--- START ---

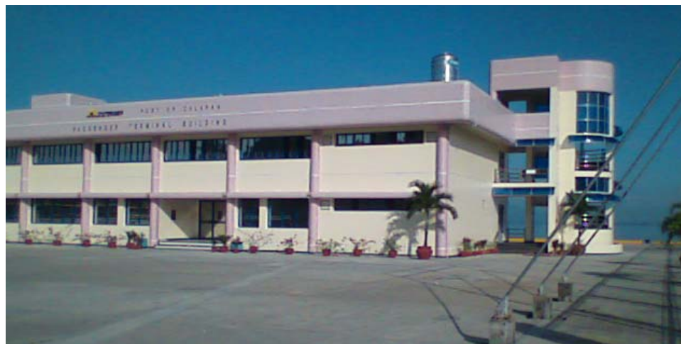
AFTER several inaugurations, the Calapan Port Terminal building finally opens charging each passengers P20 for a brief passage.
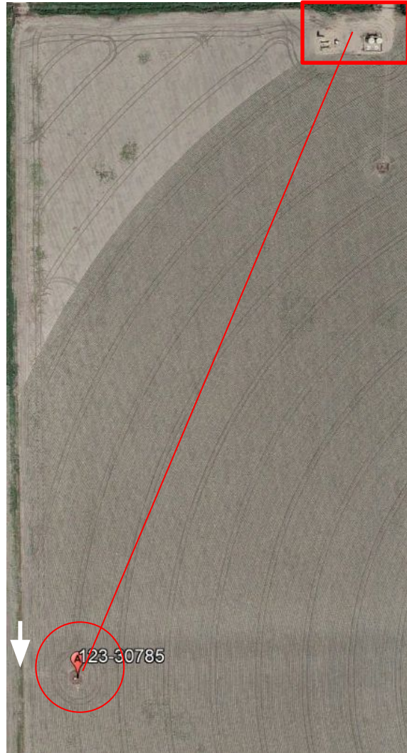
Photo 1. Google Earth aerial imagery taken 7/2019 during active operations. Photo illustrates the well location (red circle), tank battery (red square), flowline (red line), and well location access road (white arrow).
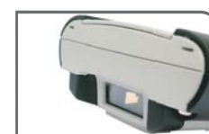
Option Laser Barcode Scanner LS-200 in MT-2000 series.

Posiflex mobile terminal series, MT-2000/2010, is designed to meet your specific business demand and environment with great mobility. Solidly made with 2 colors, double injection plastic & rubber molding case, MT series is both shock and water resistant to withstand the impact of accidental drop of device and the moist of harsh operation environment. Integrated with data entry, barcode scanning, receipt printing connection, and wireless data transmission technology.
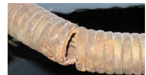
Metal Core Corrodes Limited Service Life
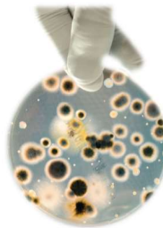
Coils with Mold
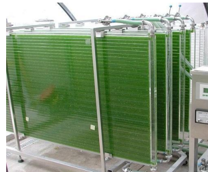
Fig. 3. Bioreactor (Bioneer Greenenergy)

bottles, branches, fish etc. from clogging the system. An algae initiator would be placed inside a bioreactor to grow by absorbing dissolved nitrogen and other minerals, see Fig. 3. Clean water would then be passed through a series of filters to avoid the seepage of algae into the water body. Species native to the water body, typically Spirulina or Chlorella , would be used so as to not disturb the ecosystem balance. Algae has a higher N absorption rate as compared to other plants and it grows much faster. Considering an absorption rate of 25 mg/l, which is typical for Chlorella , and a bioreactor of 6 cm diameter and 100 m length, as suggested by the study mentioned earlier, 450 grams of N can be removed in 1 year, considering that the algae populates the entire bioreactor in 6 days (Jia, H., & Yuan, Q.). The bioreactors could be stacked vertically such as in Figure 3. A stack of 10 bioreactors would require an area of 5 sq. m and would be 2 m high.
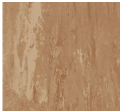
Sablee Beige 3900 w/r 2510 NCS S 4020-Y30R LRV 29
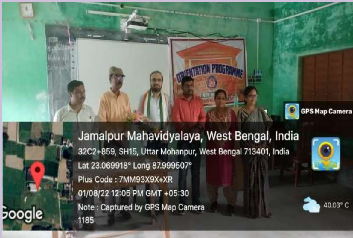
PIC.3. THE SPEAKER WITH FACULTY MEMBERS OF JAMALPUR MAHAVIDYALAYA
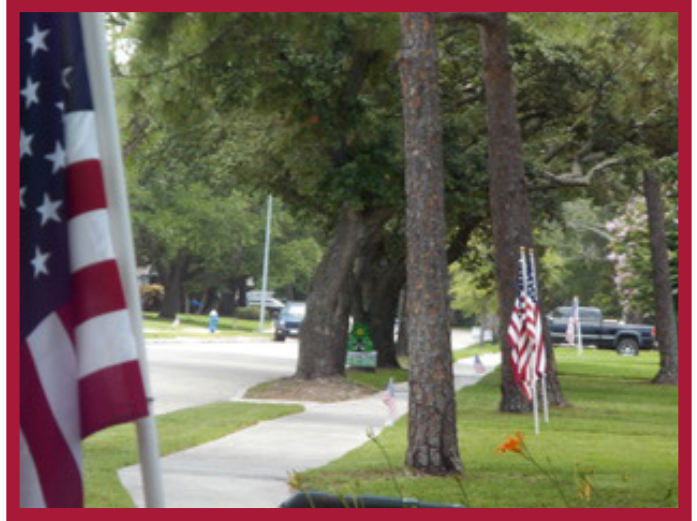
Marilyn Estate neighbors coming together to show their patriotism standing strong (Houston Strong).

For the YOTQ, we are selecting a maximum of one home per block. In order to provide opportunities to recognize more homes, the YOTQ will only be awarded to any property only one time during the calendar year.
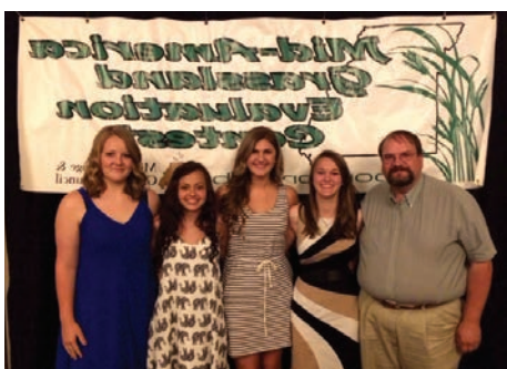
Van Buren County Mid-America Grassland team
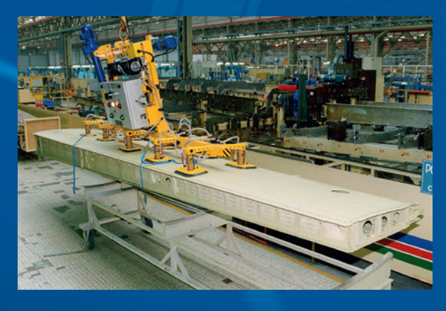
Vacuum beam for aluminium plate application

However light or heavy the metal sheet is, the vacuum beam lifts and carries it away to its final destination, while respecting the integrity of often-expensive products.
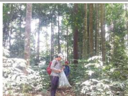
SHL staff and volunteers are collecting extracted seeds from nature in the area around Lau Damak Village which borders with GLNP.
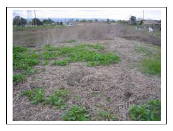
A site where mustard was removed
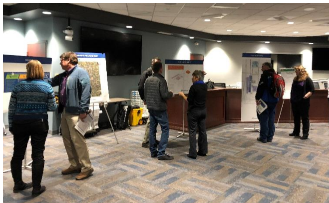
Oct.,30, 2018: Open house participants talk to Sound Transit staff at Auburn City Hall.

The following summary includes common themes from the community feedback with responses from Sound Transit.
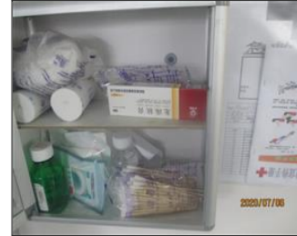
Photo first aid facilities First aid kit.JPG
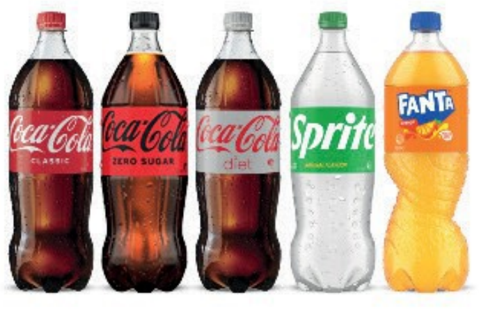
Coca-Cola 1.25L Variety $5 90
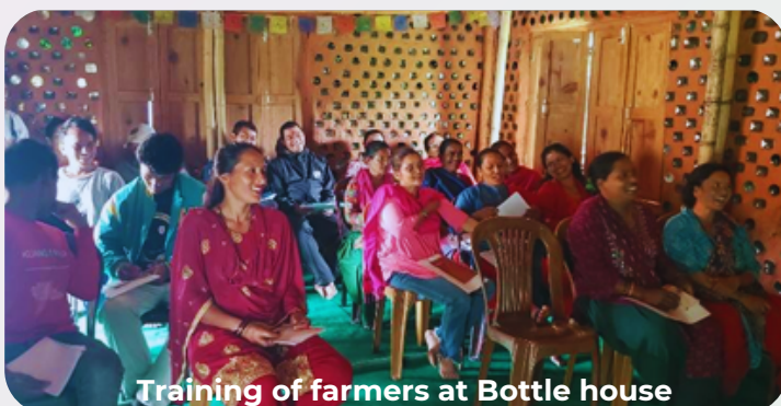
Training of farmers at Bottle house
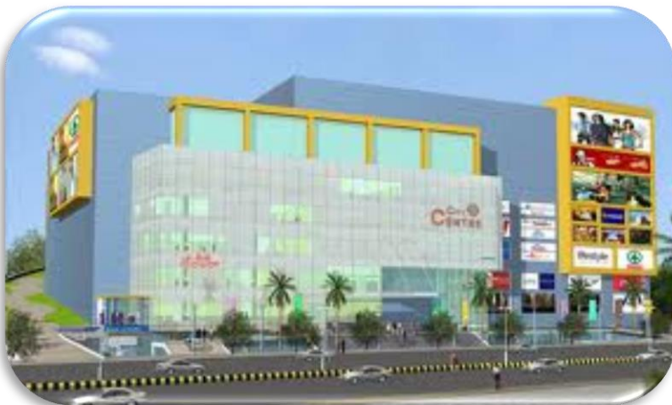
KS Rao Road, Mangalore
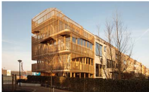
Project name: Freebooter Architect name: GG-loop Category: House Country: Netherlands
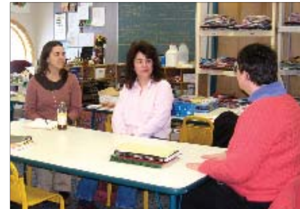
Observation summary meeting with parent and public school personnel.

--- END ---
--- START ---

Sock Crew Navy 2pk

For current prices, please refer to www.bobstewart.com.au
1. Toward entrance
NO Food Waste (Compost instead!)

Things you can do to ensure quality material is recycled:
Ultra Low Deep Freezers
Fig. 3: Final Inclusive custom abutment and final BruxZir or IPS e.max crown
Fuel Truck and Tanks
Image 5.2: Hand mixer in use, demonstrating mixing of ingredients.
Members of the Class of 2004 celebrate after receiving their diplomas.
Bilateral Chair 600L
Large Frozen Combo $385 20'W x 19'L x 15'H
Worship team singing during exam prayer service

--- END ---
--- START ---

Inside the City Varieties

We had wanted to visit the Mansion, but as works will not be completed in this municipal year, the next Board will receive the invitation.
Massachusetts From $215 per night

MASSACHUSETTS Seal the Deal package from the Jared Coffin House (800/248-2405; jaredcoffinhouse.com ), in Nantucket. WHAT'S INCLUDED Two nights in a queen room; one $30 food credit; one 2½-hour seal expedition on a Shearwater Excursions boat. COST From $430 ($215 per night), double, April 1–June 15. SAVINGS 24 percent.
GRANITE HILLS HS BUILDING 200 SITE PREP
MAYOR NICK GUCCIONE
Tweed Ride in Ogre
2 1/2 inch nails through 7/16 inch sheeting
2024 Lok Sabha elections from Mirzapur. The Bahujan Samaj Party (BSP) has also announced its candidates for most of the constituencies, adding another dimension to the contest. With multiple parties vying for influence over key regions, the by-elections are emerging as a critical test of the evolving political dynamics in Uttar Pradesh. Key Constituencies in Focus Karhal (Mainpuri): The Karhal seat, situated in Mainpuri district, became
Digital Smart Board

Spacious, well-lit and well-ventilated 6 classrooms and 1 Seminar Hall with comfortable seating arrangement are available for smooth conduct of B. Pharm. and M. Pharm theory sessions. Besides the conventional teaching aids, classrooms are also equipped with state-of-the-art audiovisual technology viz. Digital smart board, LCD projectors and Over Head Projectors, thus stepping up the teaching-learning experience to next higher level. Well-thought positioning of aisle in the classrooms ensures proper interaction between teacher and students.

--- END ---

▸ **Activity**
Search the data for "also". Copy every matching line.

▸ **Answer to the problem**
2024 Lok Sabha elections from Mirzapur. The Bahujan Samaj Party (BSP) has also announced its candidates for most of the constituencies, adding another dimension to the contest. With multiple parties vying for influence over key regions, the by-elections are emerging as a critical test of the evolving political dynamics in Uttar Pradesh. Key Constituencies in Focus Karhal (Mainpuri): The Karhal seat, situated in Mainpuri district, became
Spacious, well-lit and well-ventilated 6 classrooms and 1 Seminar Hall with comfortable seating arrangement are available for smooth conduct of B. Pharm. and M. Pharm theory sessions. Besides the conventional teaching aids, classrooms are also equipped with state-of-the-art audiovisual technology viz. Digital smart board, LCD projectors and Over Head Projectors, thus stepping up the teaching-learning experience to next higher level. Well-thought positioning of aisle in the classrooms ensures proper interaction between teacher and students.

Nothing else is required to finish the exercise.